** Work to be completed **
Repeat the data exactly. Pictures are not part of the copy.

** Supplied material **
====================

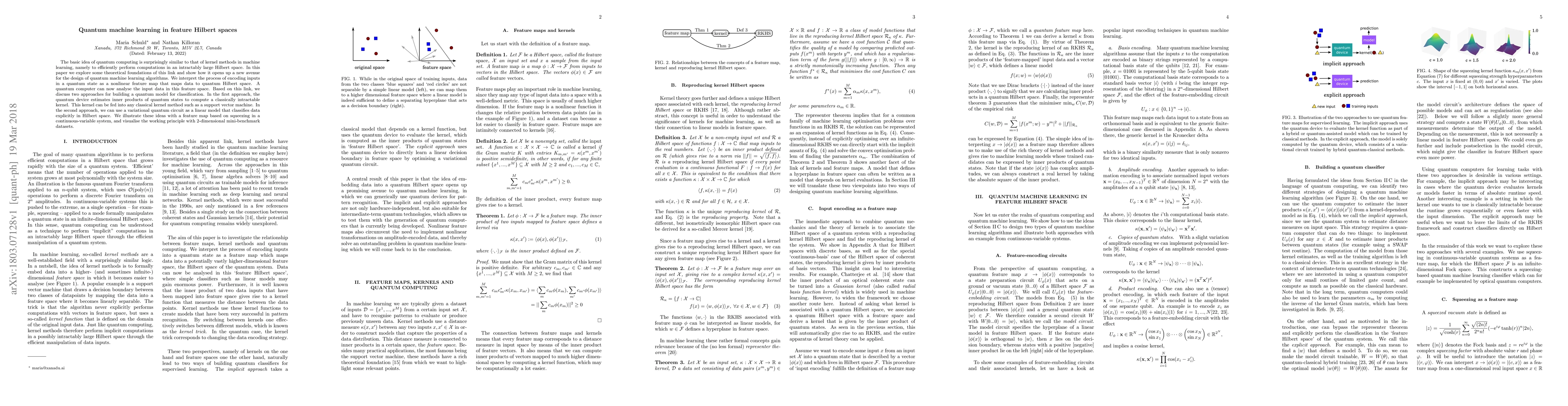 The basic idea of quantum computing is surprisingly similar to that of kernel methods in machine learning, namely to efficiently perform computations in an intractably large Hilbert space. In this paper we explore some theoretical foundations of this link and show how it opens up a new avenue for the design of quantum machine learning algorithms. We interpret the process of encoding inputs in a quantum state as a nonlinear feature map that maps data to quantum Hilbert space. A quantum computer can now analyse the input data in this feature space. Based on this link, we discuss two approaches for building a quantum model for classification. In the first approach, the quantum device estimates inner products of quantum states to compute a classically intractable kernel. This kernel can be fed into any classical kernel method such as a support vector machine. In the second approach, we can use a variational quantum circuit as a linear model that classifies data explicitly in Hilbert space. We illustrate these ideas with a feature map based on squeezing in a continuous-variable system, and visualise the working principle with $2$-dimensional mini-benchmark datasets.
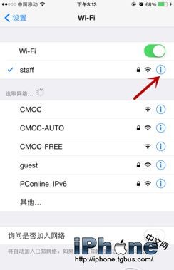 點擊已連接的WIFI網絡後面的“感歎號”,進入網絡設置界面。
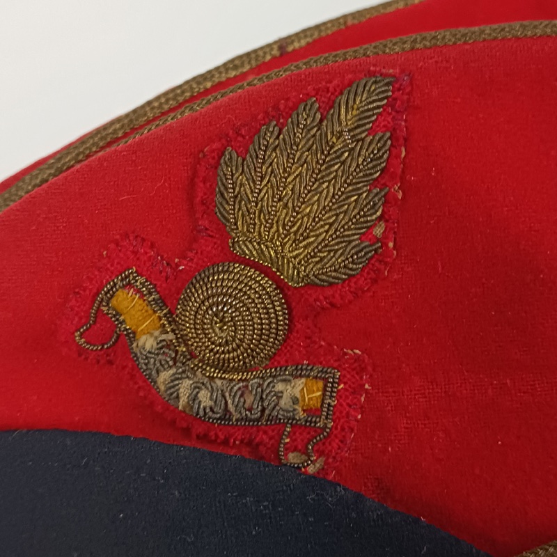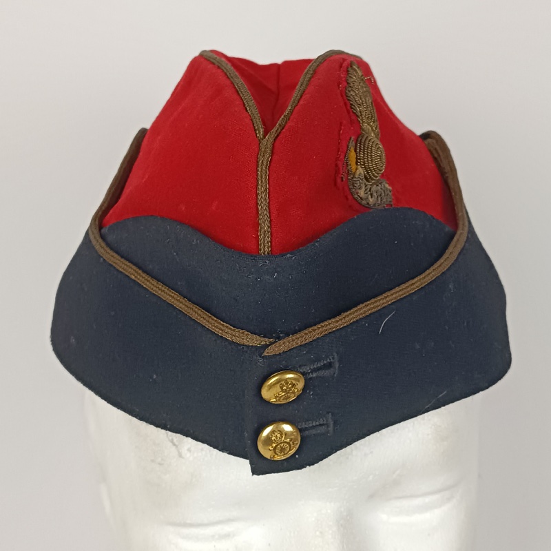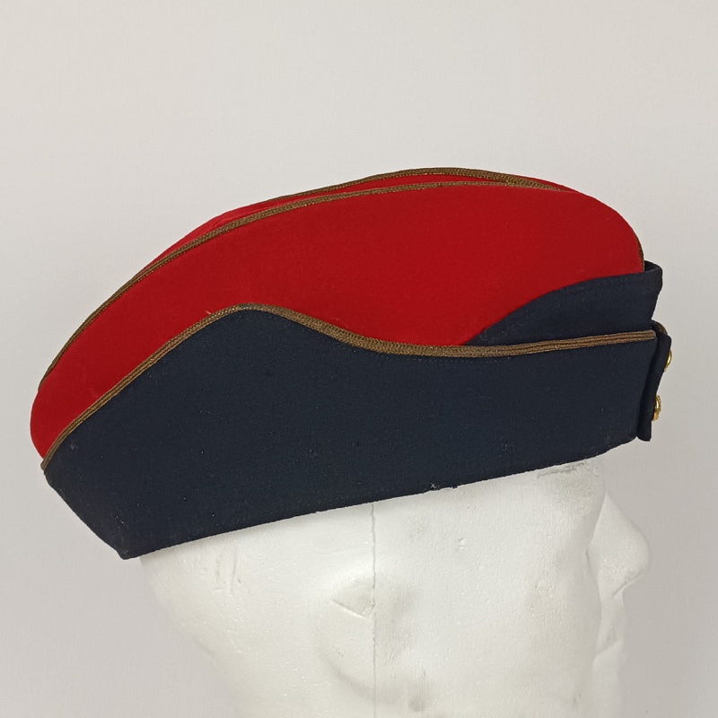 Modelo de oficial con ribeteado dorado grueso que recorre la parte superior de la misma. Gorro de dos colores con la parte superior roja y la inferior negra, fabricado en lana con acabado suave aterciopelado. En la parte frontal lleva dos botones de latón.

====================

** Output of the task **
 The basic idea of quantum computing is surprisingly similar to that of kernel methods in machine learning, namely to efficiently perform computations in an intractably large Hilbert space. In this paper we explore some theoretical foundations of this link and show how it opens up a new avenue for the design of quantum machine learning algorithms. We interpret the process of encoding inputs in a quantum state as a nonlinear feature map that maps data to quantum Hilbert space. A quantum computer can now analyse the input data in this feature space. Based on this link, we discuss two approaches for building a quantum model for classification. In the first approach, the quantum device estimates inner products of quantum states to compute a classically intractable kernel. This kernel can be fed into any classical kernel method such as a support vector machine. In the second approach, we can use a variational quantum circuit as a linear model that classifies data explicitly in Hilbert space. We illustrate these ideas with a feature map based on squeezing in a continuous-variable system, and visualise the working principle with $2$-dimensional mini-benchmark datasets.
 點擊已連接的WIFI網絡後面的“感歎號”,進入網絡設置界面。
 Modelo de oficial con ribeteado dorado grueso que recorre la parte superior de la misma. Gorro de dos colores con la parte superior roja y la inferior negra, fabricado en lana con acabado suave aterciopelado. En la parte frontal lleva dos botones de latón.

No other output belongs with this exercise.